[Action item] The reader should set down exactly the lines from the one containing "if by magic." through the last line of the material, omitting every picture.

(Provided material)

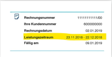 The invoice is always generated retrospectively for a specific service period. You can see the service period in the top right corner of the first page of your invoice.
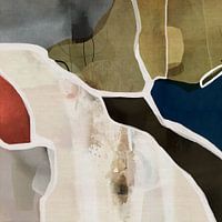 Abstract schilderij met vormen in gedempte tinten beige, olijfgroen, donkergrijs, marineblauw en oranje. Witte lijnen en randen definiëren de randen van de vormen en zorgen voor scheiding en structuur. De sfeer is kalm, rustig en ingetogen en straalt een gevoel van rust uit.
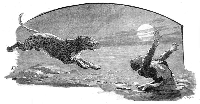 "Well!" he said to himself, "she must have taken a fancy to me. Perhaps she has never yet met anyone. It is flattering to be her first love!" At this moment the Frenchman fell into a shifting quicksand, so dangerous to the traveller in the desert, escape from which is hopeless. He felt that he was sinking; he gave a cry of terror. The panther seized him by the collar with her teeth, and springing backwards with stupendous vigour drew him from the gulf as if by magic.
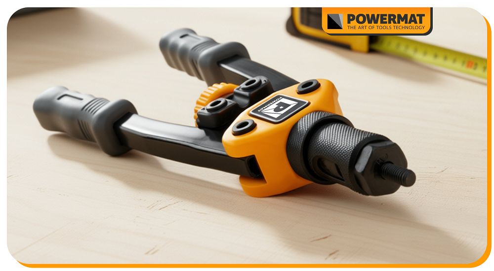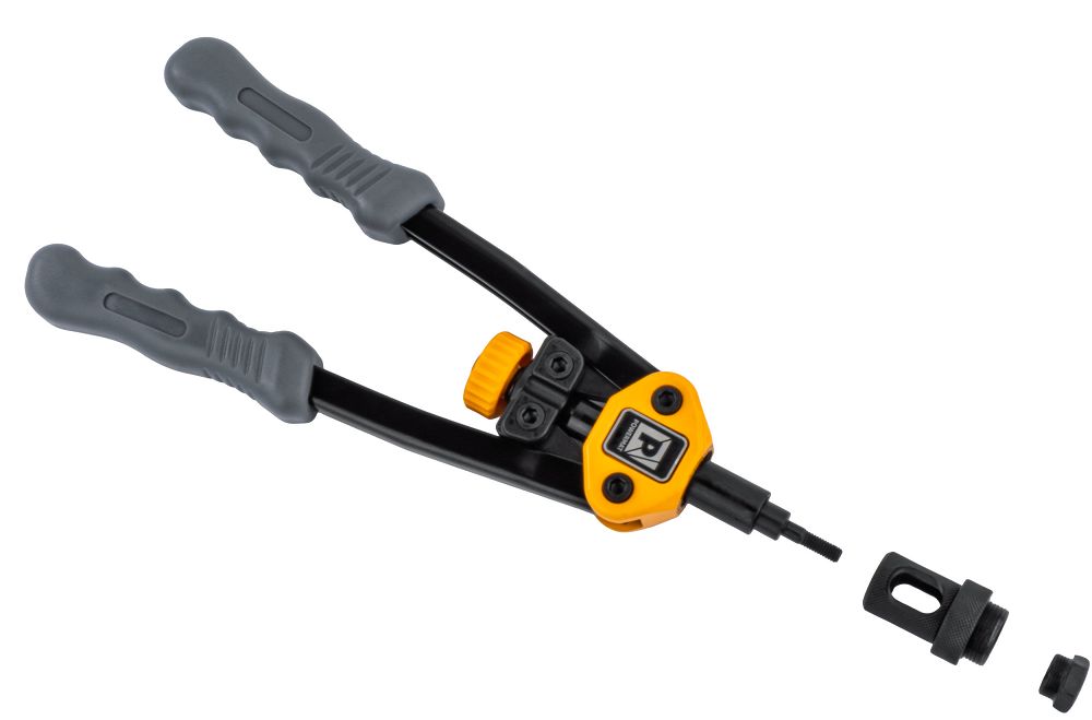 - Mechanizm nożycowy zwiększający siłę – konstrukcja dźwigniowa pozwala uzyskać wysoki nacisk trzpienia przy niewielkiej sile rąk, co ułatwia dokładne i powtarzalne osadzanie nitonakrętek
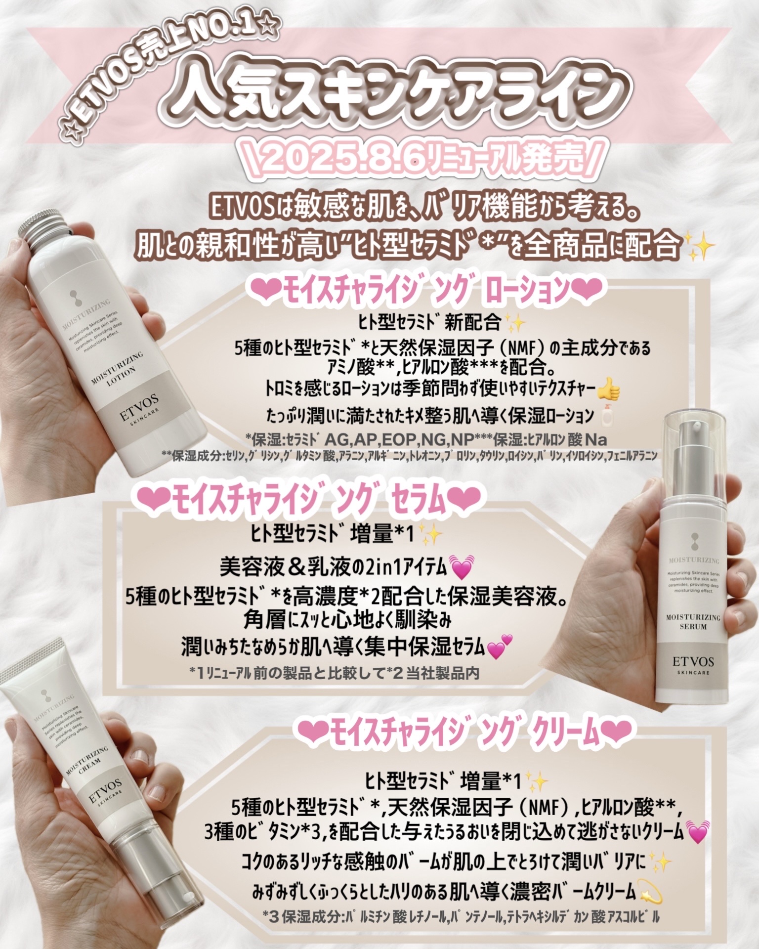 日に日に深まる乾燥🍂今年リニューアルしたETVOSのモイスチャーラインと新たに発売したブランド初の美容液、アルティモイストコアコンセントレート全てのアイテムにヒト型セラミドが入っていて、既存品からは増量が🫧余計なものは入っていなくて、シンプル...
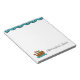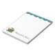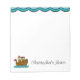 Cute note pad suitable for any desk in any office or school. In the bottom left corner is a small cartoon tugboat. It has a wooden brown bottom and a cream coloured cabin with a red roof, a brown wooden door and a blue round window. On the back of the boat is a red flag waving in the breeze. The tug is sailing on the open blue sea. Next to the boat in fancy black lettering is a template to add your name or other text to personalise this notepad. Across the top of the pad are some blue waves to finish off this nautical theme.
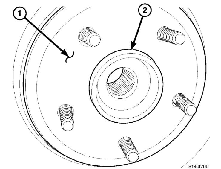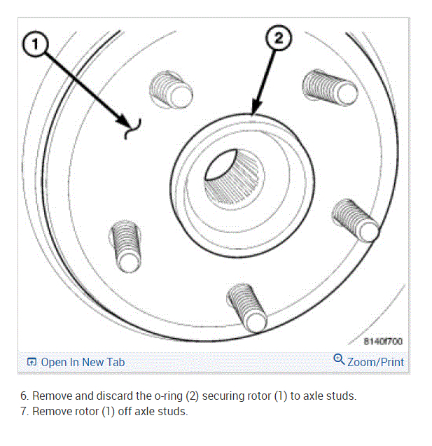 6. Remove and discard the O-ring (2) securing rotor (1) to axle studs.
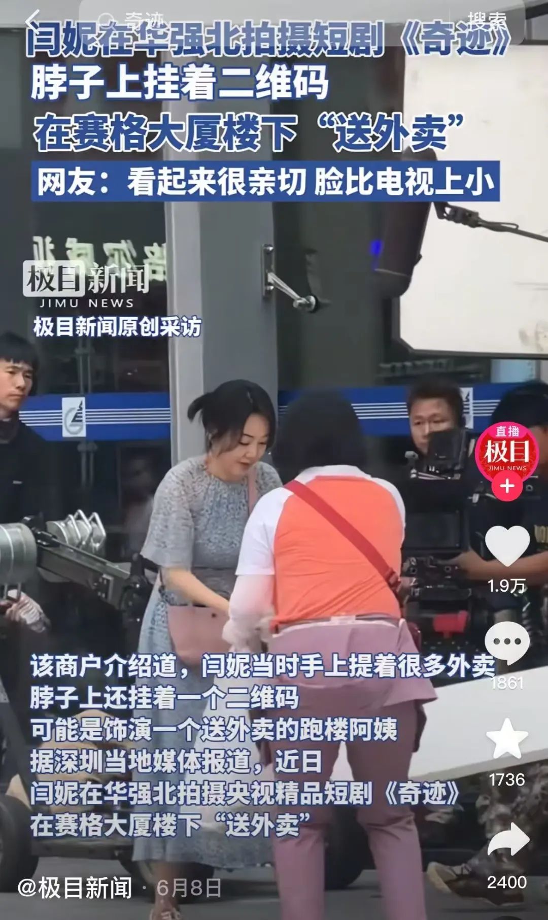 最近正在華強北拍攝的短劇《奇蹟》中,演員閆妮就飾演了一位“跑樓阿姨”。

(End Provided material)

[Completed exercise]
 "Well!" he said to himself, "she must have taken a fancy to me. Perhaps she has never yet met anyone. It is flattering to be her first love!" At this moment the Frenchman fell into a shifting quicksand, so dangerous to the traveller in the desert, escape from which is hopeless. He felt that he was sinking; he gave a cry of terror. The panther seized him by the collar with her teeth, and springing backwards with stupendous vigour drew him from the gulf as if by magic.
 - Mechanizm nożycowy zwiększający siłę – konstrukcja dźwigniowa pozwala uzyskać wysoki nacisk trzpienia przy niewielkiej sile rąk, co ułatwia dokładne i powtarzalne osadzanie nitonakrętek
 日に日に深まる乾燥🍂今年リニューアルしたETVOSのモイスチャーラインと新たに発売したブランド初の美容液、アルティモイストコアコンセントレート全てのアイテムにヒト型セラミドが入っていて、既存品からは増量が🫧余計なものは入っていなくて、シンプル...
 Cute note pad suitable for any desk in any office or school. In the bottom left corner is a small cartoon tugboat. It has a wooden brown bottom and a cream coloured cabin with a red roof, a brown wooden door and a blue round window. On the back of the boat is a red flag waving in the breeze. The tug is sailing on the open blue sea. Next to the boat in fancy black lettering is a template to add your name or other text to personalise this notepad. Across the top of the pad are some blue waves to finish off this nautical theme.
 6. Remove and discard the O-ring (2) securing rotor (1) to axle studs.
 最近正在華強北拍攝的短劇《奇蹟》中,演員閆妮就飾演了一位“跑樓阿姨”。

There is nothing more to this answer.